Transcript of Watch out for the Visual Cliff!
Experimental psychologists wanted to test depth perception in humans. In particular, is depth perception part of our nature or a developed skill? What stage in development can a person or animal respond effectively to the stimuli of depth and height? Do animals learn depth perception at different times?
Summary of results
Children, chicks, rats, turtles, lambs, baby goats (kids), pigs, kittens, and puppies tested shallow and deep sided visual cliff. Of the children, 27 out of the 36 crossed the shallow side to there mother. On the deep side, only three children crossed the cliff and with great hesitation. Most of the children crawled away from the visual cliff or cried because they believed they couldn't reach their mothers. Many of the children looked down at the deep side and backed away or tapped the glass to test the deep side. Baby chicks never attempted to walk on the deep side. The lambs and kids all stayed on the shallow side, and when one kid was placed on the deep side, it froze and jumped away when the researcher pushed it to the shallow side. The rats showed no preference, most likely because they relied on touching the glass over vision. The kittens rely on both vision and touch, and the vision prevailed in this situation as the kittens stayed on the shallow side. Turtles appeared to have the worst depth perception, an instinct less vital for for aquatic animals.
Gibson and Walk determined that unlike the other animals, which showed immediate depth perception and coordination, human infants had depth perception but don't have great motor skills. Many of the children went on the deep side in order to turn to the shallow side, explaining why children fall so often.

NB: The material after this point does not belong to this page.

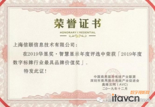 2、信頤獲 華顯獎•2019年度數字標牌行業最具品牌價值獎

Since the children were at least 6 months old, the experiment did not determine whether human's depth perception is from nature or nurture.
In 1985, 1-year-olds were put on a visual cliff appearing about 30 inches deep. Their mothers were waiting on the other side of the drop off. Some of the mothers were instructed to show fear on their face, while the other mothers were instructed to look happy. The infants with the fearful mothers refused to crawl across while the reassured infants checked the cliff and crawled to their mothers. The nonverbal communication exhibited in this experiment is called social referencing.
I believed children developed depth perception at 2 years or later. The juries still out for the nature vs. nurture argument, but it appears that depth perception develops at an earlier age. I also learned about social referencing through later applications of this experiment.